ジョンソンは、宗教的信念とマルクス主義の原則を融合させようと試み、その思想と活動は当時の社会に大きな影響を与えた。彼はソビエト連邦の発展を積極的に擁護し、その成果を称賛する著作を発表したが、その視点は後に「ナイーブでロマンチック」と評価され、ソ連における大量迫害や反宗教的側面を無視したものであると批判された。本稿では、彼の生涯、主要な業績、そして彼の複雑な遺産を、社会自由主義的な観点から多角的に分析する。
2. 初期生い立ちと教育
ヒューレット・ジョンソンは、イングランドのカーサルで、ワイヤー製造業者チャールズ・ジョンソンとその妻ローザ(アルフレッド・ヒューレット牧師の娘)の三男として生まれた。
2.1. 幼少期と教育
彼はマクルズフィールドのキングズ・スクールで教育を受け、1894年にマンチェスターのオーウェンズ・カレッジを土木工学の理学士号で卒業し、地質学の賞も受賞した。
2.2. 初期経歴と聖職活動
1895年から1898年まで、マンチェスターのオープンショーにある鉄道車両工場で勤務し、そこで2人の同僚から社会主義を紹介された。彼は土木技術者協会の準会員となった。その後、チャーチ・ミッション・ソサエティでの宣教活動を決意し、1900年にオックスフォードのウィクリフ・ホールに入学し、後にウォドム・カレッジで学び、1904年に神学で次席の成績を収めた。しかし、彼の急進的な神学的見解のためにチャーチ・ミッション・ソサエティから拒否されたため、彼は聖職者としての訓練に専念し、同年叙階された。
1905年に副牧師となり、1908年にはアルトリンチャムの聖マーガレット教会の牧師に就任した。彼と最初の妻は、貧しい子供たちのためのホリデーキャンプや、第一次世界大戦から帰還した負傷兵のための病院を町で組織した。戦争に対する彼の型破りな見解から、彼は現役の陸軍チャプレンとしての雇用を拒否されたが、彼の教区内の捕虜収容所で儀式を執り行った。1919年にはチェスター大聖堂の名誉参事会員となり、1923年には彼の教区があったグレーター・マンチェスターのボウドンの地方司祭に任命された。
3. 宗教的および政治的経歴
ヒューレット・ジョンソンは、その聖職者としての職務と並行して、キリスト教マルクス主義者としての政治的信念を深め、公的な場でその思想を表明した。
3.1. マンチェスター大聖堂参事会員
1917年、マンチェスターで十月革命を支持する演説を行ったことで、彼はMI5の監視下に置かれることになった。彼はイギリス共産党には入党しなかったものの、その機関紙である『デイリー・ワーカー』の理事会議長を務めた。彼の政治的見解は不評であったが、その勤勉さと牧会能力が評価され、1924年に労働党の創設者であり当時の首相であったラムゼイ・マクドナルドによってマンチェスター大聖堂の首席司祭に任命された。
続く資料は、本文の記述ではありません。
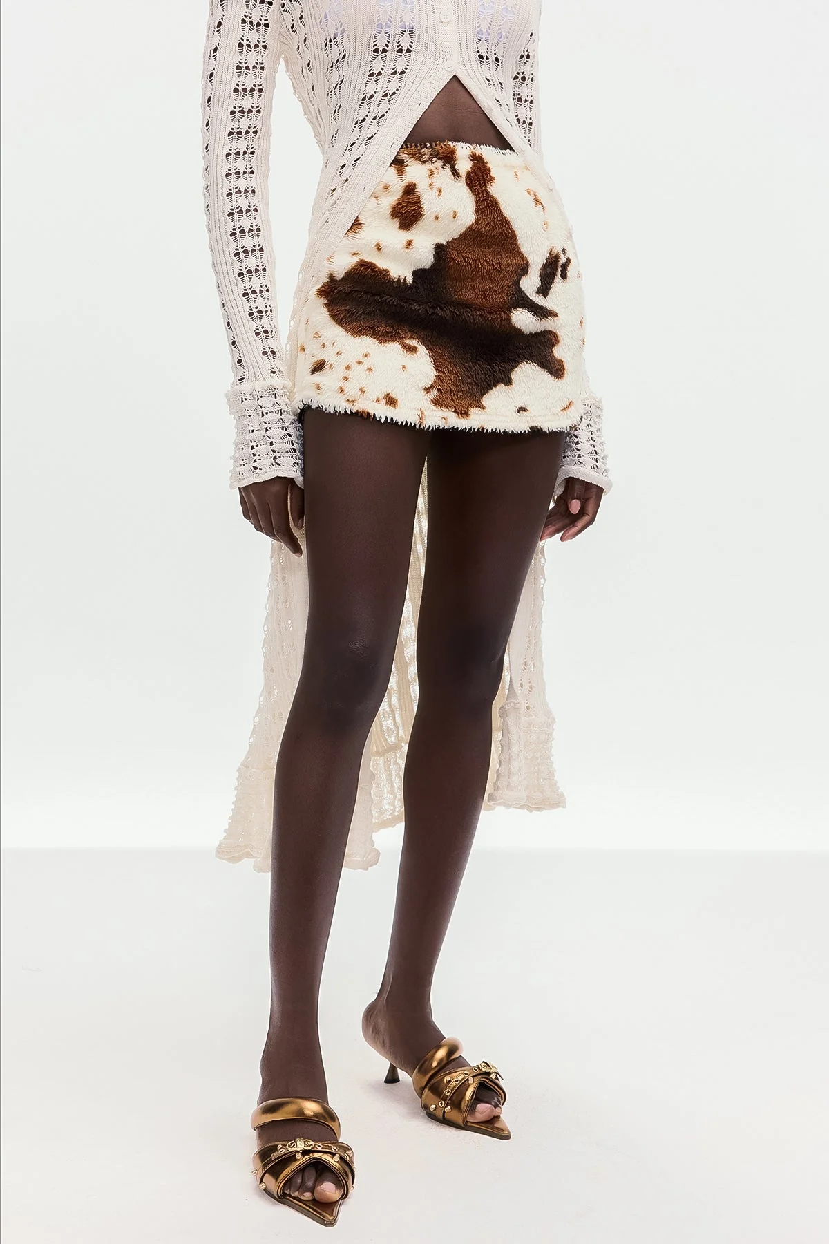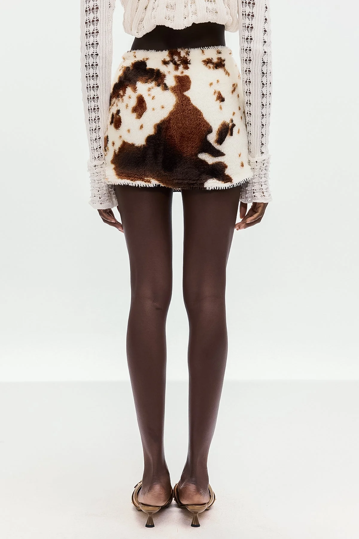 Elevate your wardrobe with the Cow Print Mini Skirt in brown, a modern twist on a classic design. The mini skirt boasts a bold cow print pattern, flatteringly tailored with slight stretch for comfort. Ideal for fashion-forward individuals, this skirt effortlessly pairs with various tops for casual outings or trend-conscious events. Expertly crafted for style and comfort, this unique piece balances playful patterning with urban edge charm. Experience the ultimate blend of style and versatility. Color may vary due to lighting on images.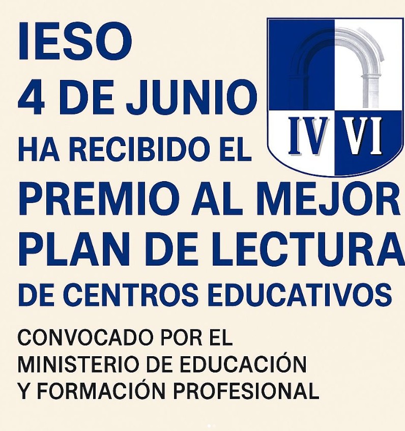 El segundo premio ha llegado de la mano del Ministerio de Educación y Formación Profesional, quien ha distinguido al IESO “4 de Junio” con el Premio Nacional al Mejor Plan de Lectura de centros educativos. Esta mención reconoce la trayectoria del centro en el diseño e implementación de actividades que fomentan el hábito lector, promueven la creatividad y acercan la lectura al alumnado desde diferentes perspectivas. El galardón conlleva una cuantía económica que se invertirá en mejorar la biblioteca escolar y ampliar las actividades del Plan de Lectura. (https://www.educacionfpydeportes.gob.es/servicios-al-ciudadano/catalogo/general/29/2928143/ficha/2928143-2025.html)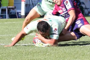 40分、日野、ゴール前右、ラインアウトからモールサイドを⑯玉木が突き㉑畑田⑩ヒッキー⑫アロフィポと繋ぎトライ!5点G失敗成功2点(34-47)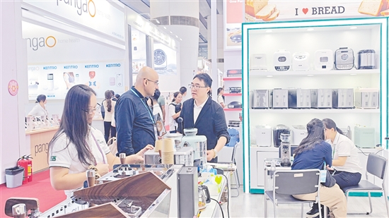外国客商在一家蓬江区家电企业的展区前洽谈合作。任佳燕 摄
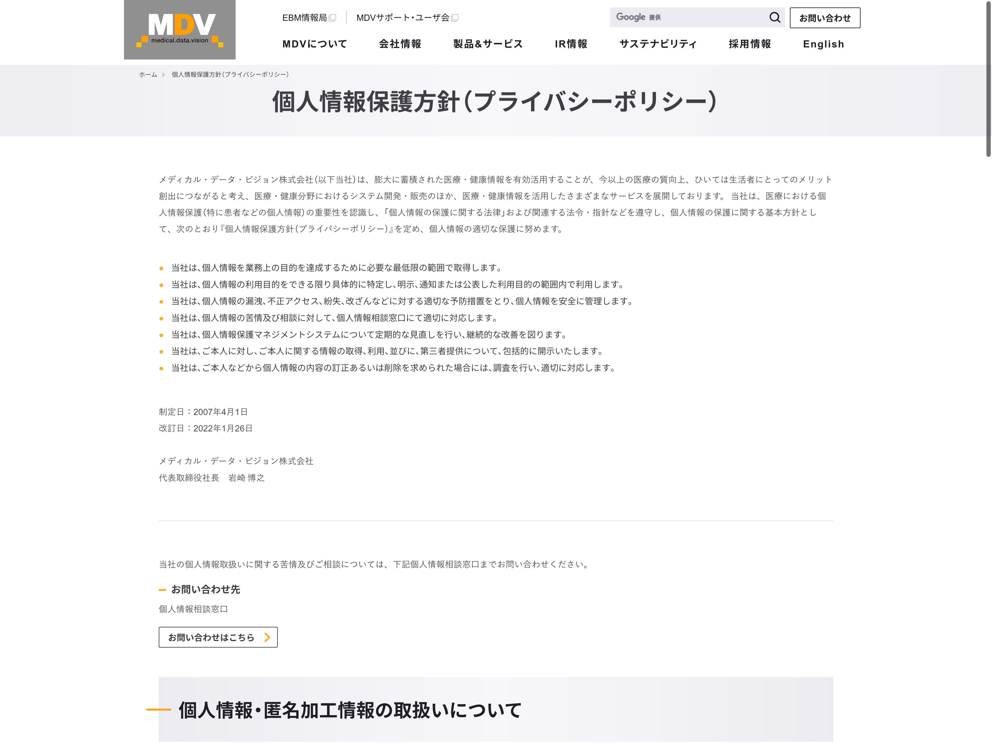 メディカル・データ・ビジョン Update:2022.10.31 カテゴリー:プライム 情報・通信業 サステナビリティ ニュース一覧 プライバシーポリシー 事業内容 免責注意事項 情報セキュリティ 有価証券報告書 詳細 Visit 詳細 Visit

3.2. カンタベリー大聖堂参事会員および「赤い参事会員」
1931年にはカンタベリー大聖堂の首席司祭に任命された。彼はヨシフ・スターリンとソビエト連邦およびその同盟国に対する揺るぎない支持を表明し続けたため、「カンタベリーの赤い首席司祭」という異名を得ることになった。
3.3. キリスト教共産主義とソ連支持
ジョンソンは、キリスト教の福音とマルクス・レーニン主義を統合しようとする独自の思想を掲げた。彼は、資本主義には道徳的基盤が欠如している一方で、共産主義の「道徳的衝動」こそが最大の魅力であり、最も幅広い訴求力を持つと確信していた。この信念から、彼はソビエト連邦の体制を熱烈に支持し、その社会主義的発展を肯定的に評価した。彼のソ連支持活動はMI5によって継続的に監視されていた。
4. 主要活動と著述
ジョンソンの生涯において最も特筆すべき活動は、ソビエト連邦の擁護と、その思想を広めるための著述活動である。
4.1. 『世界の社会主義的6分の1』とソ連擁護
ジョンソンは、大恐慌下のイギリスとソビエト連邦の第一次五カ年計画における経済発展を対比させ、ソ連を肯定的に評価したことで1930年代に広く知られるようになった。彼は1934年と1937年にソ連を訪問し、そのたびに平均的なソビエト市民の健康と富、そしてソビエト体制が市民の自由を保護していると主張した。これらの記事をまとめた書籍が『The Socialist Sixth of the World英語』(ゴランツ、1939年)であり、米国では1941年に『Soviet Power英語』として出版された。この本には、ブラジルの元カトリック司教カルロス・ドゥアルテ・コスタによる序文が含まれていた。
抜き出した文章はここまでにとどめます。